WM9 melanoma cells (10⁴ cells per well) were seeded in 96-well plates and cultured in media (RPMI 1640 with 10% FBS) for 24 h followed by serum starvation for 24 h. The cells were then treated either with (i) full-length midkine (100 ng/ml) or (ii) KLK7-fragmented midkine or (iii) KLK7 (1 ng/ml), (iv) without midkine (vehicle control) for 3 days.

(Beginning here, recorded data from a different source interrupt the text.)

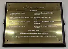 Plaque memorial with Draper's name, at Whitgift School, South Croydon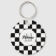 Markerade rutor för svart och vit återtro Monogram-nyckelkedja. Tillbehör, gåva till henne. Coolans återstyrda geometriska kvadrat mönster. Vintagen är svart, vit, modern kontrollant. Anpassa med din anpassningsbar till början och namn.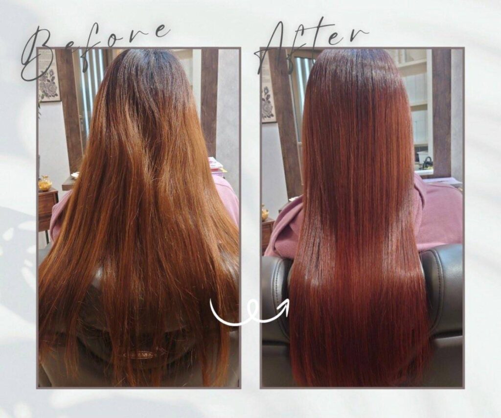 こちらのお客様の髪色を参考にされたそうです(右側)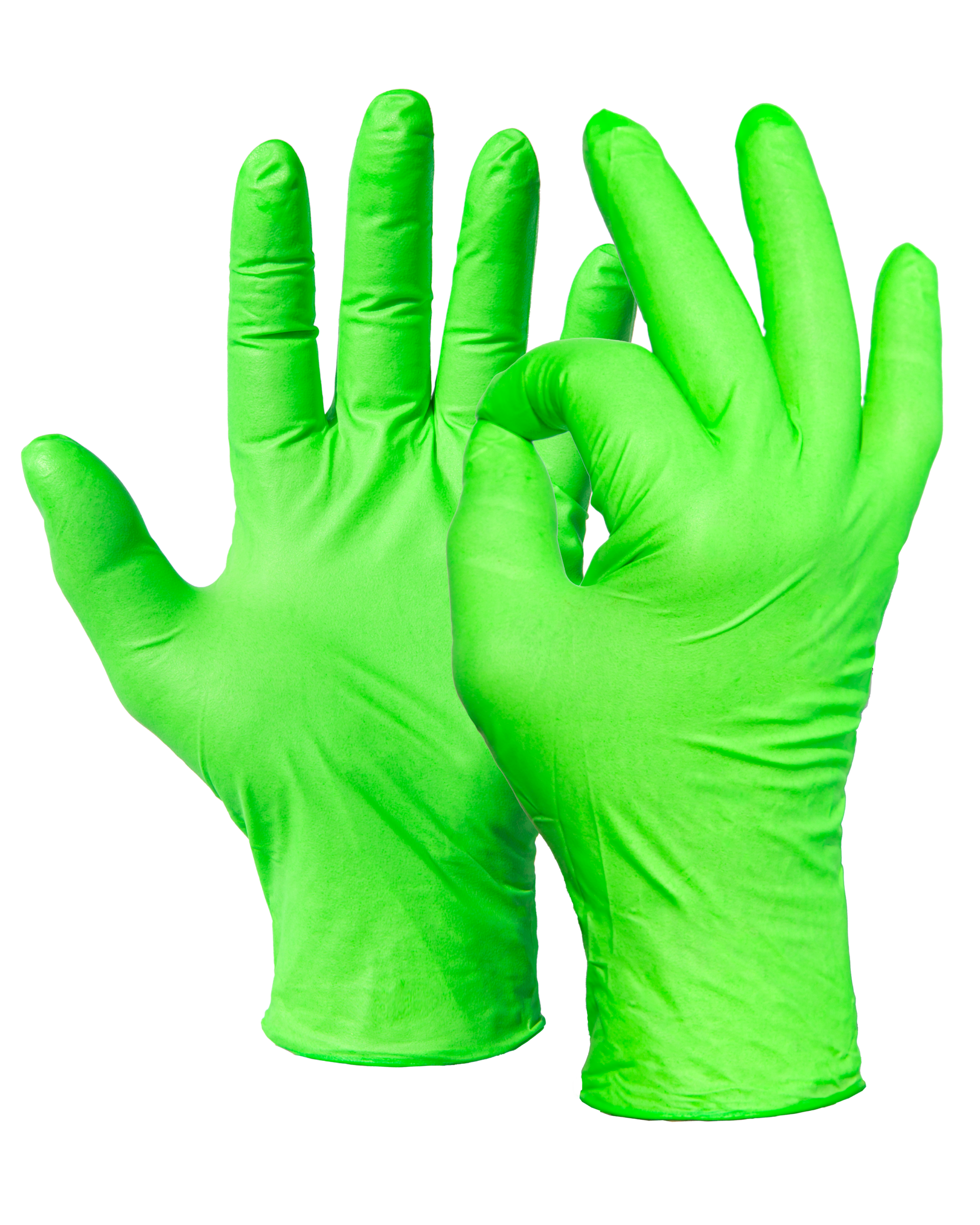 Guanto monouso in nitrile ad alta visibilitร di colore verde fluo,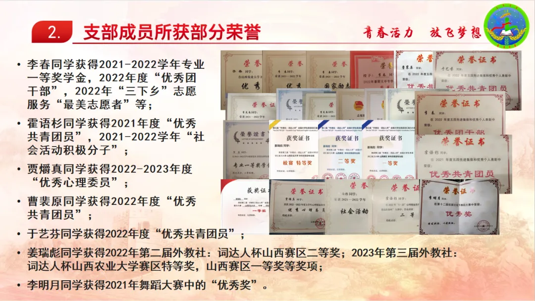 为深入贯彻落实“全团大抓基层”,深化高校共青团改革,11月中旬,我校团委开展了“四进四信 筑梦青春”系列活动——活力团支部及百佳团支书评选。(中国)有限公司农学2107班凭借优异的表现荣获“活力团支部”二等奖。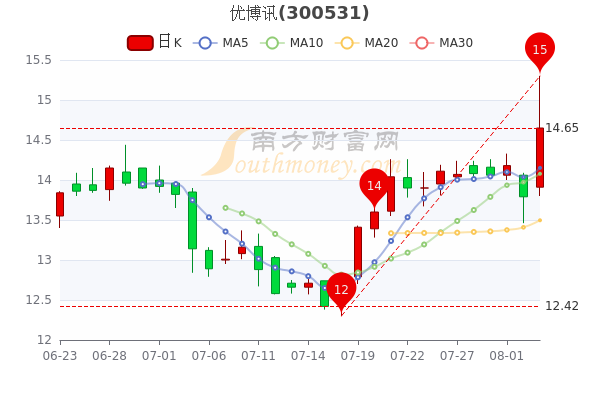 8月3日消息,优博讯收盘于14.65元,涨6.24%。7日内股价上涨5.12%,总市值为48.34亿元。

After treatment, the cells were mixed with alamarBlue® reagent (Invitrogen), and the proliferation rates were measured according to the manufacturer's instruction.

Migration and Invasion Assay

Cell migration was measured using the cell migration assay kit (CULTREX®). The cells were trypsinized, counted, and then resuspended in medium supplemented with or without treatment (as described in proliferation assay) to 10⁶ cells/ml. Cells (5 × 10⁴/well) in each treatment were loaded into the top chamber of a 96-well plate containing a 8-μm polyethylene terephthalate membrane. After 24 h of incubation, free cells were washed off. The migrated cells were dissociated using the cell dissociation buffer containing calcein-AM. The calcein fluorescence released by the intracellular esterases was measured by Wallac Envision Multilabel Reader (PerkinElmer Life Science) at 485-nm excitation, 520-nm emission to quantitate the number of migrated cells.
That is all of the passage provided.